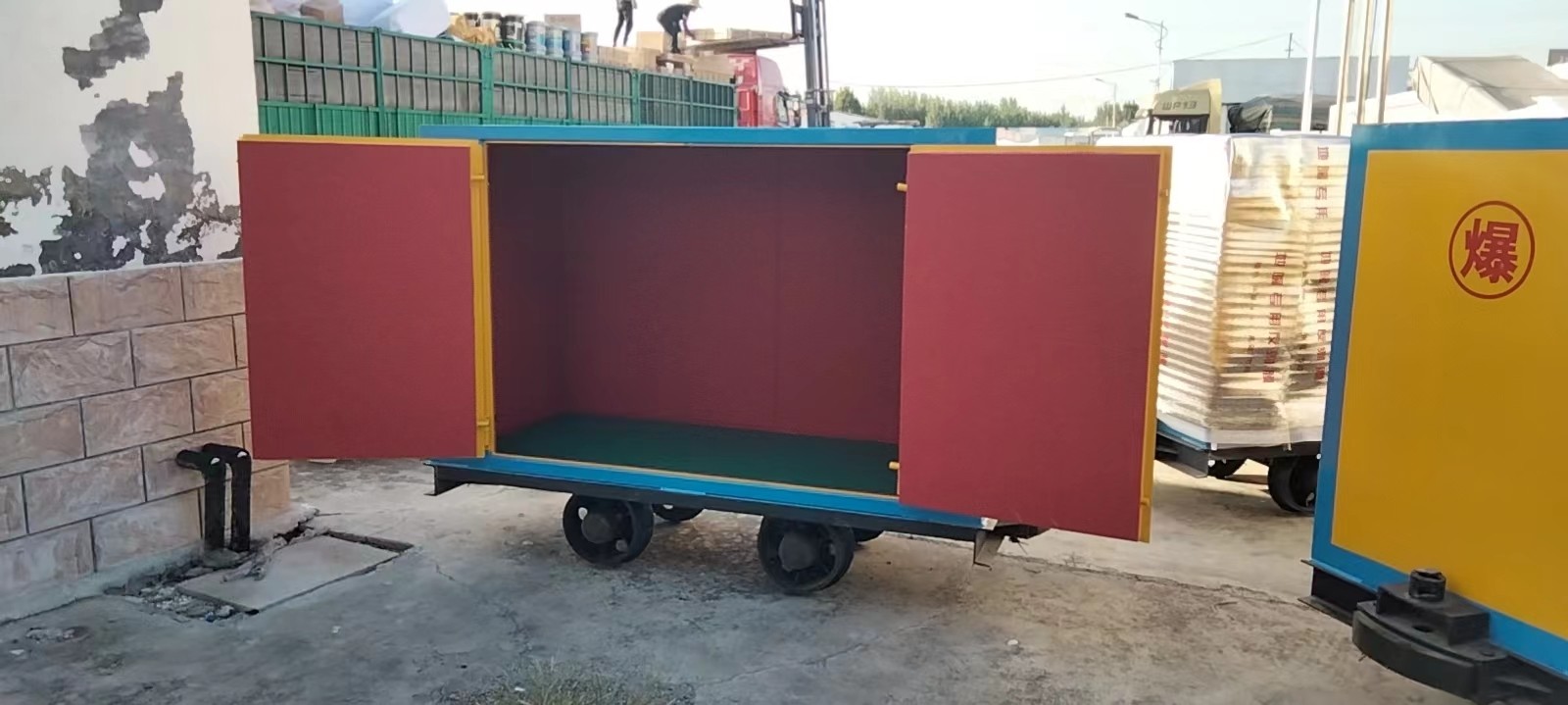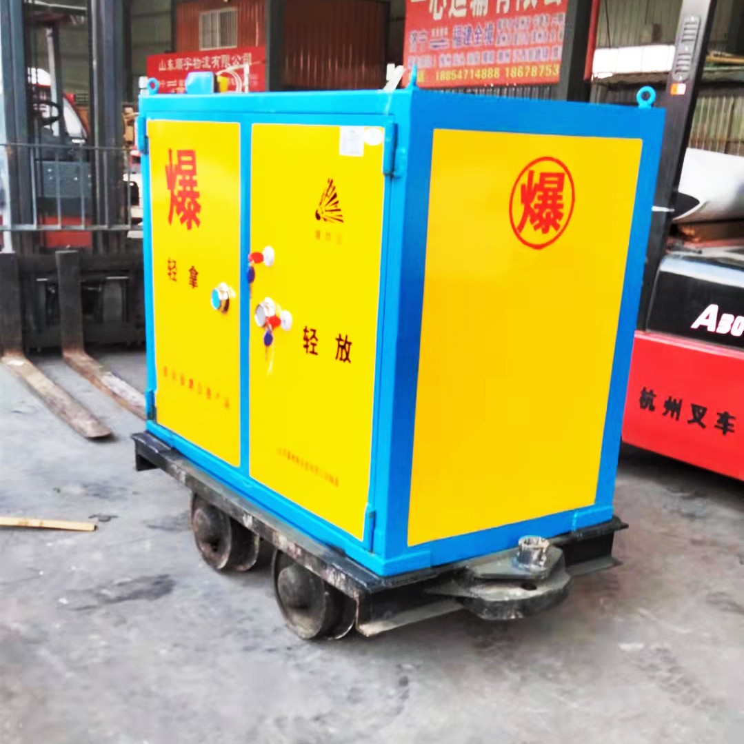運輸廂是礦用爆破器材運輸車的一個重要組成部分。這種炸藥運輸廂外層采用優質鋼板焊接成型,內部做防靜電處理,由一層絕緣木板和防靜電阻燃氈墊整鋪貼合內部木質襯板,同時也具有一定的防震作用,這款在礦山現場具有重要的作用。它是為井下大量運輸炸藥而設計的一移動式儲存器。由于炸藥對運輸車輛所需安全要求很高,因此必須采用專業的有軌道炸藥車進行運輸。
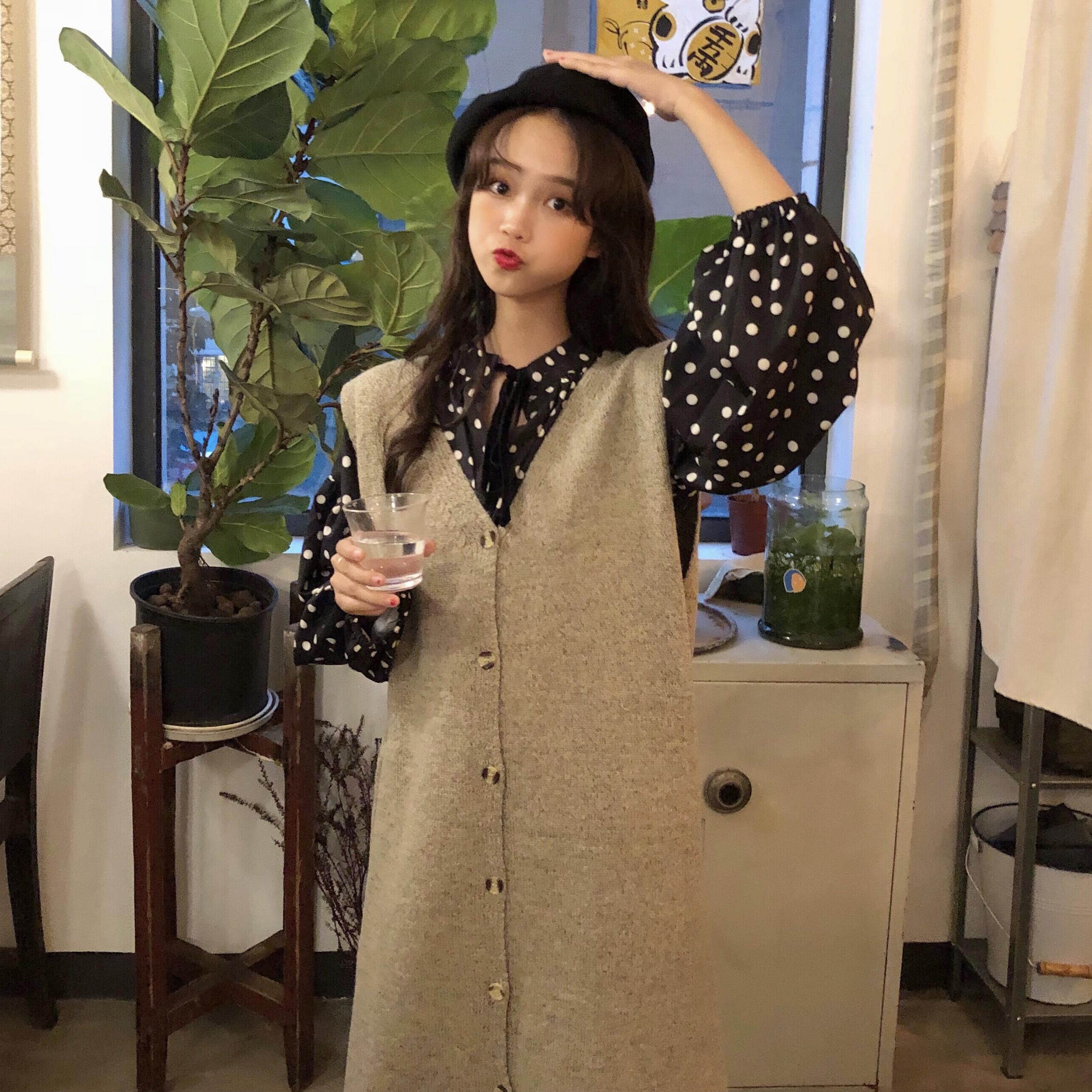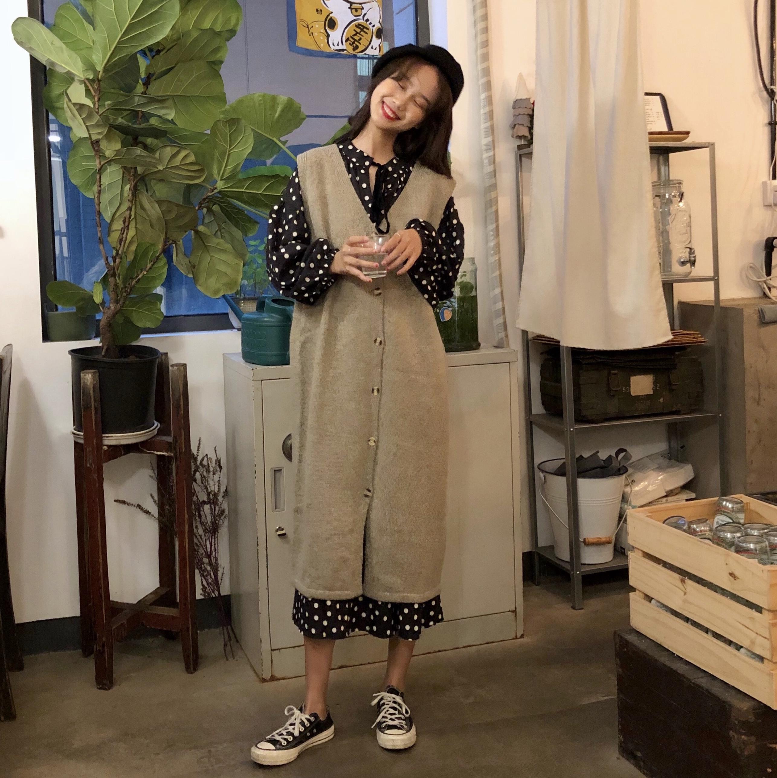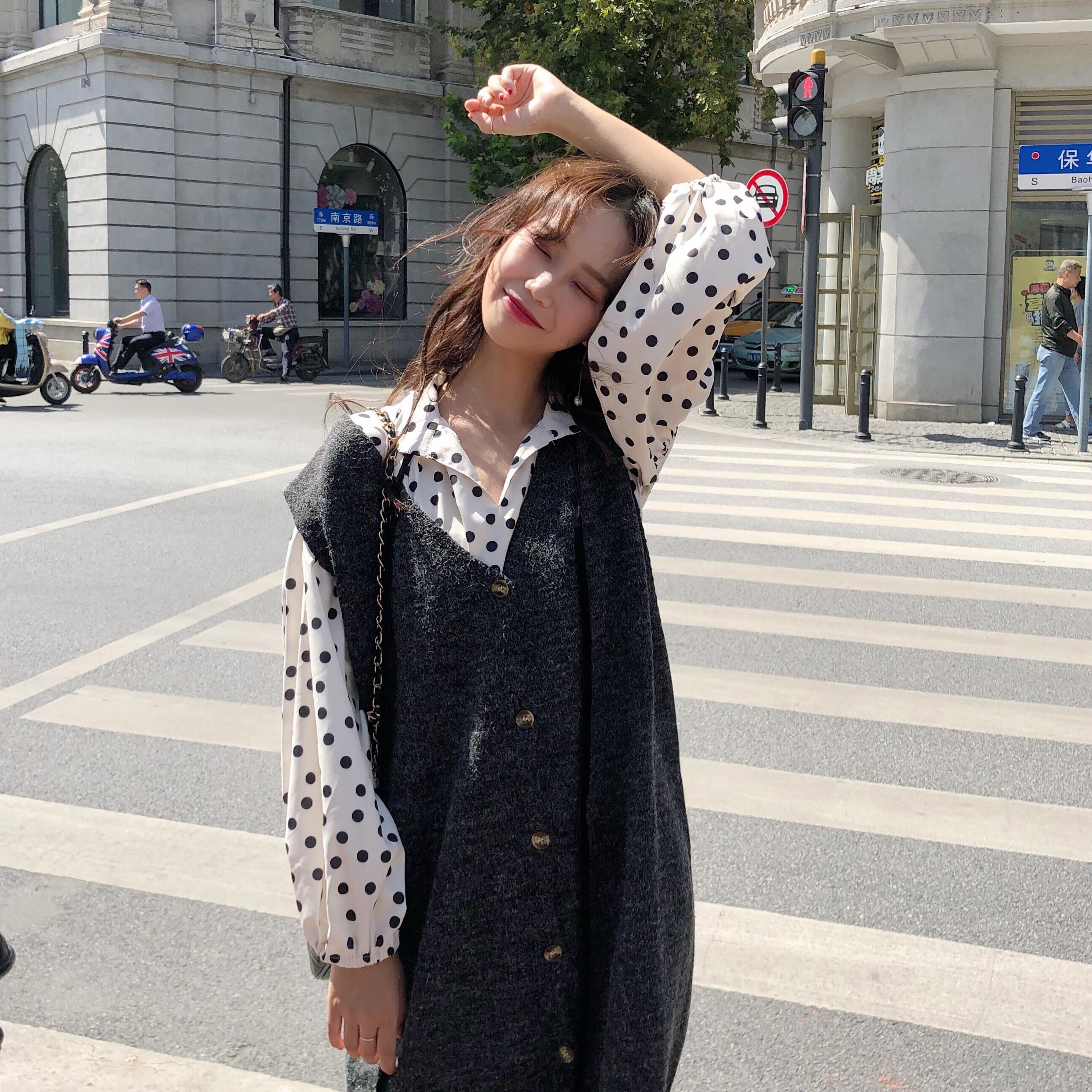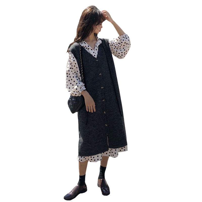 / 韓版時尚休閑套裝秋季波點連衣裙+慵懶風毛衣馬甲背心裙兩件套女
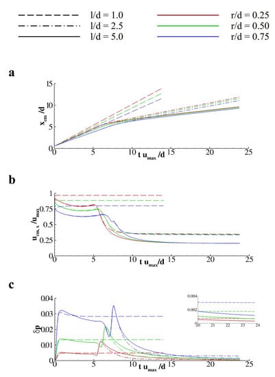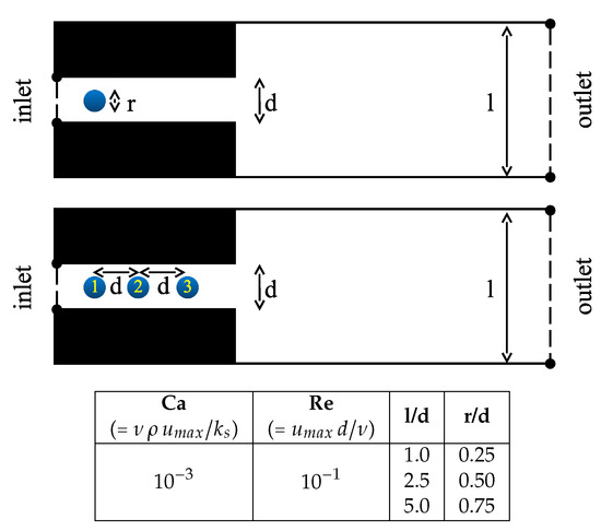 In order to span a meaningful parameter space, a combination of different configurations was investigated. The capsules were varied to have different sizes, namely 0.25, 0.50 and 0.75, where r is the capsule diameter and d is the narrow channel diameter. Three configurations of channel geometries were investigated, namely 1.0, 2.5 and 5.0, where l is the diameter of the reservoir. Additionally, three different configurations: no capsule, a single capsule, and three in-line capsules, were simulated and investigated. The Capillary number and Reynolds numbers were chosen to be and .
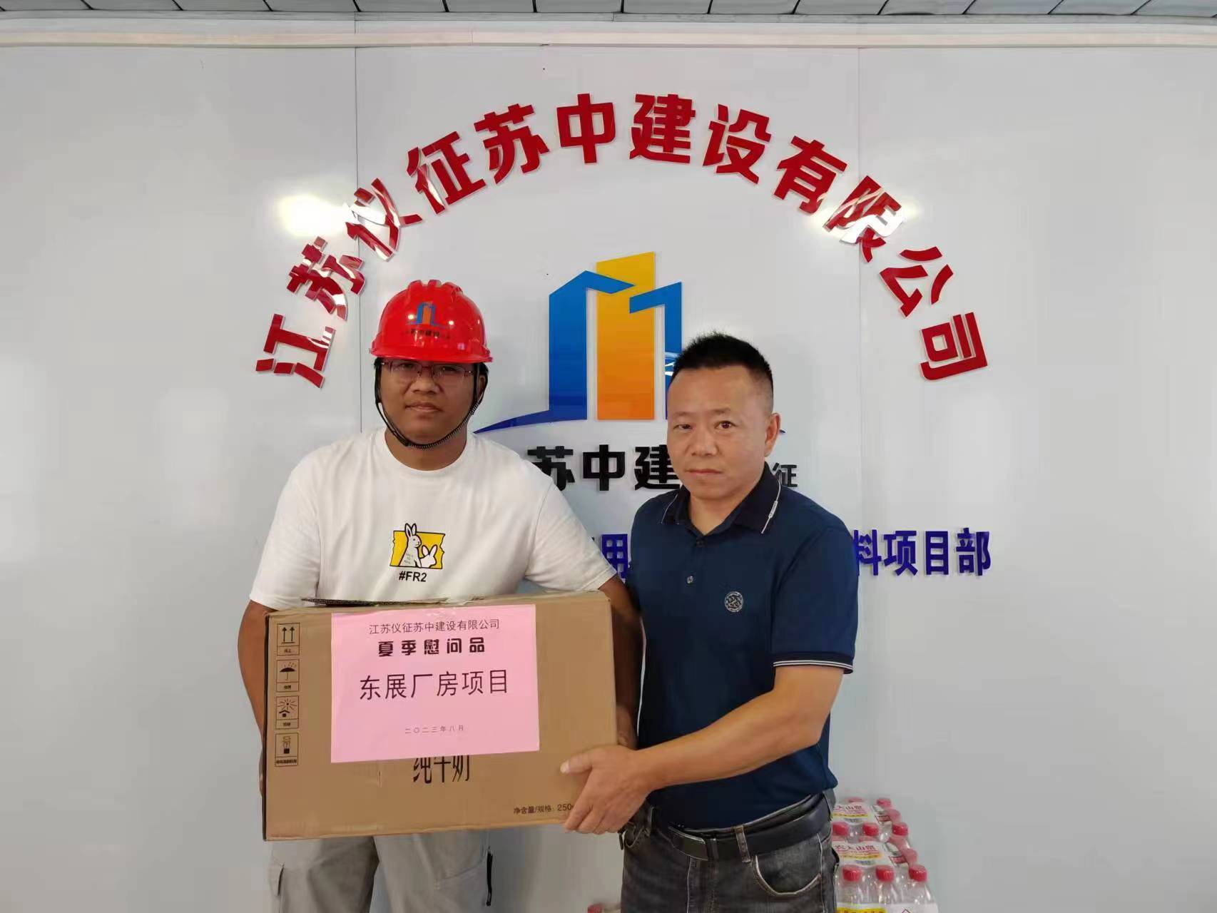 為切實(shí)保障施工一線職工的生命安全和身體健康,傳遞公司領(lǐng)導(dǎo)對(duì)職工的關(guān)心關(guān)愛,營造良好和諧的工作氛圍,公司黨支部、安全管理部于2023年8月4日聯(lián)合開展“夏季送清涼”慰問活動(dòng),先后慰問了鹽都花苑B地塊、紅旗花苑B區(qū)、揚(yáng)州GZ313地塊等7個(gè)在建項(xiàng)目。
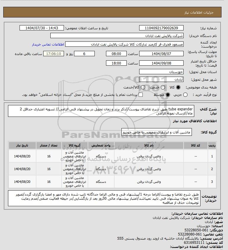 استعلام tube expander طبق شرح تقاضای پیوست//ذکر برند و زمان تحویل در پیشنهاد فنی الزامی// تسویه اعتباری حداقل 2 ماه//ارسال نمونه الزامی, استعلام tube expander طبق شرح تقاضای پیوست//ذکر برند و زمان تحویل در پیشنهاد فنی الزامی// تسویه اعتباری حداقل 2 ماه//ارسال نمونه الزامی
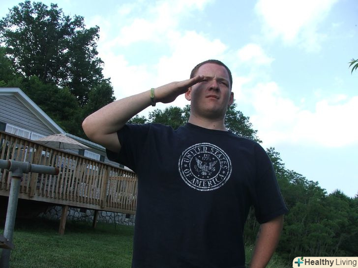 Навчіться салютувати. американці і британці (або шотландці) по-різному віддають честь, так що не заплутайтеся. Потренуйтеся перед дзеркалом, добийтеся впевнених рухів. Слідкуйте за напрямком і кутом нахилу руки.- Якщо після віддання честі слід ще якийсь маневр, прорепетируйте його і завчіть шаблон, який завжди зможете легко виконати. Простий, але чітко виконаний трюк краще, ніж складний, але провалився.
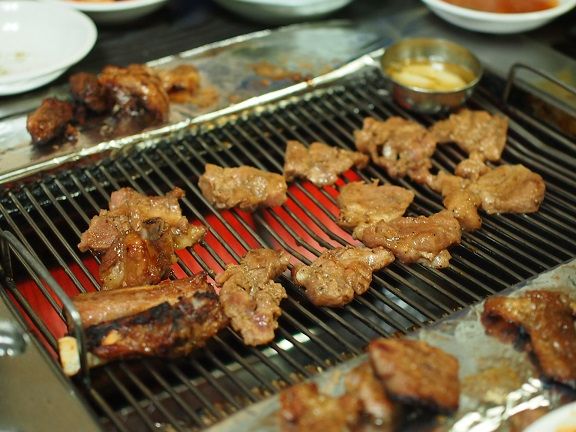 メニューは3つ、トンコギ(ロース肉)、デジカルビ(味付け肉)、コッテギ(豚の皮)、どれも美味しかったです。
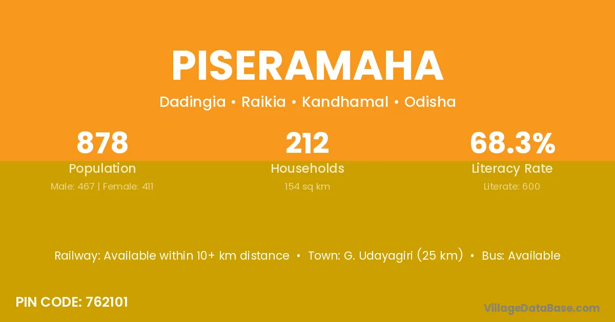 G. Udayagiri (25 km) is the nearest town to Piseramaha village for major economic activities and is located approximately 25 km away.
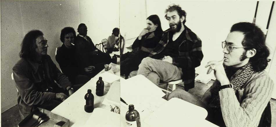 Michael Snow screens his 16mm films—including BACK AND FORTH (1969), SIDE SEAT PAINTINGS SLIDES SOUND FILM (1970), and STANDARD TIME (1967)—at Buffalo State College, followed by dinner and conversation with artists at Hallwalls. Photo (left–right): Michael Snow (with long hair), Paul Sharits (with cigarette), Jack Griffis, Unknown, Jeff Catalano, Hollis Frampton, and London filmmaker and critic Peter Gidal.
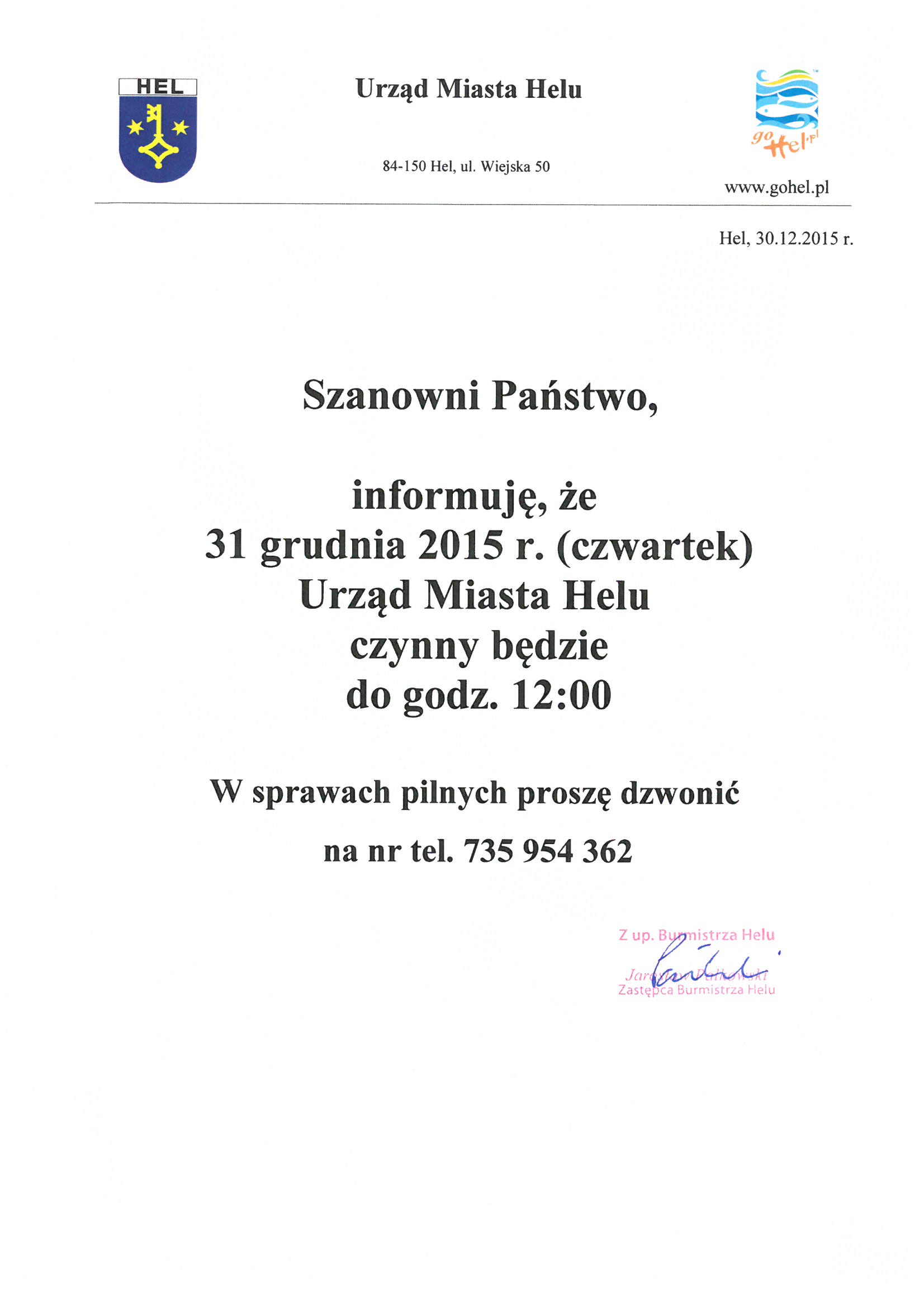 31 grudnia 2015 r. Urząd Miasta czynny będzie do godz. 12:00
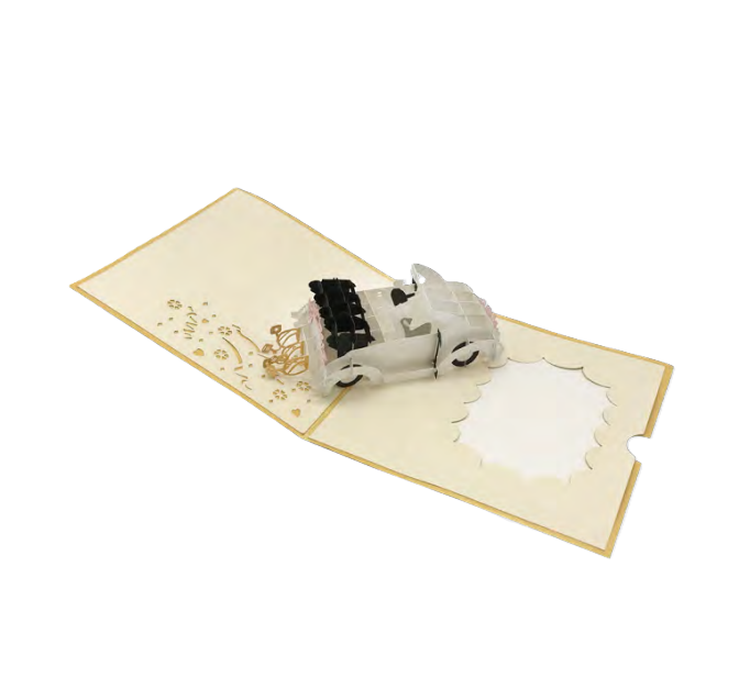 Aggiungi un tocco di creatività alle tue congratulazioni di matrimonio con il Biglietto Augurale Origami Matrimonio Macchina. Questo biglietto pieghevole unico in stile origami si apre per rivelare una bellissima macchina da sposa che simboleggia l'avvio di una nuova vita insieme. Un augurio speciale per la coppia speciale.

ASSIGNMENT.
Give the lines of the entries above exactly as they appear, leaving out each picture.

EXERCISE ANSWER.
運輸廂是礦用爆破器材運輸車的一個重要組成部分。這種炸藥運輸廂外層采用優質鋼板焊接成型,內部做防靜電處理,由一層絕緣木板和防靜電阻燃氈墊整鋪貼合內部木質襯板,同時也具有一定的防震作用,這款在礦山現場具有重要的作用。它是為井下大量運輸炸藥而設計的一移動式儲存器。由于炸藥對運輸車輛所需安全要求很高,因此必須采用專業的有軌道炸藥車進行運輸。
 / 韓版時尚休閑套裝秋季波點連衣裙+慵懶風毛衣馬甲背心裙兩件套女
 In order to span a meaningful parameter space, a combination of different configurations was investigated. The capsules were varied to have different sizes, namely 0.25, 0.50 and 0.75, where r is the capsule diameter and d is the narrow channel diameter. Three configurations of channel geometries were investigated, namely 1.0, 2.5 and 5.0, where l is the diameter of the reservoir. Additionally, three different configurations: no capsule, a single capsule, and three in-line capsules, were simulated and investigated. The Capillary number and Reynolds numbers were chosen to be and .
 為切實(shí)保障施工一線職工的生命安全和身體健康,傳遞公司領(lǐng)導(dǎo)對(duì)職工的關(guān)心關(guān)愛,營造良好和諧的工作氛圍,公司黨支部、安全管理部于2023年8月4日聯(lián)合開展“夏季送清涼”慰問活動(dòng),先后慰問了鹽都花苑B地塊、紅旗花苑B區(qū)、揚(yáng)州GZ313地塊等7個(gè)在建項(xiàng)目。
 استعلام tube expander طبق شرح تقاضای پیوست//ذکر برند و زمان تحویل در پیشنهاد فنی الزامی// تسویه اعتباری حداقل 2 ماه//ارسال نمونه الزامی, استعلام tube expander طبق شرح تقاضای پیوست//ذکر برند و زمان تحویل در پیشنهاد فنی الزامی// تسویه اعتباری حداقل 2 ماه//ارسال نمونه الزامی
 Навчіться салютувати. американці і британці (або шотландці) по-різному віддають честь, так що не заплутайтеся. Потренуйтеся перед дзеркалом, добийтеся впевнених рухів. Слідкуйте за напрямком і кутом нахилу руки.- Якщо після віддання честі слід ще якийсь маневр, прорепетируйте його і завчіть шаблон, який завжди зможете легко виконати. Простий, але чітко виконаний трюк краще, ніж складний, але провалився.
 メニューは3つ、トンコギ(ロース肉)、デジカルビ(味付け肉)、コッテギ(豚の皮)、どれも美味しかったです。
 G. Udayagiri (25 km) is the nearest town to Piseramaha village for major economic activities and is located approximately 25 km away.
 Michael Snow screens his 16mm films—including BACK AND FORTH (1969), SIDE SEAT PAINTINGS SLIDES SOUND FILM (1970), and STANDARD TIME (1967)—at Buffalo State College, followed by dinner and conversation with artists at Hallwalls. Photo (left–right): Michael Snow (with long hair), Paul Sharits (with cigarette), Jack Griffis, Unknown, Jeff Catalano, Hollis Frampton, and London filmmaker and critic Peter Gidal.
 31 grudnia 2015 r. Urząd Miasta czynny będzie do godz. 12:00
 Aggiungi un tocco di creatività alle tue congratulazioni di matrimonio con il Biglietto Augurale Origami Matrimonio Macchina. Questo biglietto pieghevole unico in stile origami si apre per rivelare una bellissima macchina da sposa che simboleggia l'avvio di una nuova vita insieme. Un augurio speciale per la coppia speciale.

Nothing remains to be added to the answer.